The redox switch affecting cell division
To confirm that this was not just a result of genetic mutation, the team used targeted antioxidant enzymes that held p21 in a reduced state without altering its structure. This also led to higher p21 levels and increased senescence after stress – confirming that redox regulation alone could steer cell fate.
A potential target for future therapies
While these findings are still early-stage, they reveal a powerful mechanism that could be relevant in a range of diseases – especially cancer. Manipulating the redox state of p21 could offer a new entry point for therapies, particularly treatment-resistant cells that are difficult to eliminate with conventional approaches.
The researchers suggest this redox control may be important in improving responses to treatments like radiotherapy or drugs that lead to an increase in p21 levels.
Senior author Dr Jörg Mansfeld, Group Leader of the Post-translational Modifications and Cell Proliferation Group in the Division of Cell and Molecular Biology at The Institute of Cancer Research (ICR), said: “It’s remarkable that such a small chemical change – just one oxidised cysteine – can have such a profound impact on how cells behave. It shows how finely tuned our cell cycle controls really are.”

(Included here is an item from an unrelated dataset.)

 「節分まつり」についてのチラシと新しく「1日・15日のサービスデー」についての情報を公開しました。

A shift in how we see cell stress
This research adds to growing evidence that redox regulation – once thought of as a side effect of cell stress – is actually a central part of how cells control key processes like growth, repair and ageing. The study complements earlier findings from the same team showing that CDK2, a key cell cycle protein inhibited by p21, is also directly regulated by oxidation – further illustrating how redox signalling can finely tune the balance between cell growth and arrest.

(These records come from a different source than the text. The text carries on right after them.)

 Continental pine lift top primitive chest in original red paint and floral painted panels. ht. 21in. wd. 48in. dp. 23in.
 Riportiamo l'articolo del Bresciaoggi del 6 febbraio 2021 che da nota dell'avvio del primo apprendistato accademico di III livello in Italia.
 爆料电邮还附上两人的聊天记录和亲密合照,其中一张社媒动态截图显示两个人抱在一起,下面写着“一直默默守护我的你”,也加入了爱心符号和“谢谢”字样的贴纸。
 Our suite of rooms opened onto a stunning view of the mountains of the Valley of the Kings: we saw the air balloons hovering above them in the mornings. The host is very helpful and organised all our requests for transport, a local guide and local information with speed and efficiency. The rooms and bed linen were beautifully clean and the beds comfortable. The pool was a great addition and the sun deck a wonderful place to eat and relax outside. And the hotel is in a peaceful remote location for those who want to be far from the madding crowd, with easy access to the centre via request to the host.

Dr Julia Vorhauser, co-lead author and Postdoctoral Training Fellow in the Post-translational Modifications and Cell Proliferation Group, said: “By understanding how p21’s oxidation state controls its stability and interactions, we’ve uncovered a completely new layer of regulation in the cell cycle. This could be a useful target in cancer – especially in tumours where p21 is present but misregulated.”
The team is now looking at how this redox switch behaves in different types of cancer and trying to determine whether it could be exploited to design better combination treatments. While much work remains, the findings highlight a new way of thinking about how cell growth is controlled – one that could eventually be harnessed to improve cancer treatment.
Image: Artwork illustrating the cell cycle (the fiery ring) and the role of the protein p21 (white structure). A tiny chemical switch on p21 helps decide whether cells continue to divide - or enter senescence, a ‘frozen’ state where they stop for good (represented by the ice below). Artwork designed and provided by postdoc Hinyuk Lai.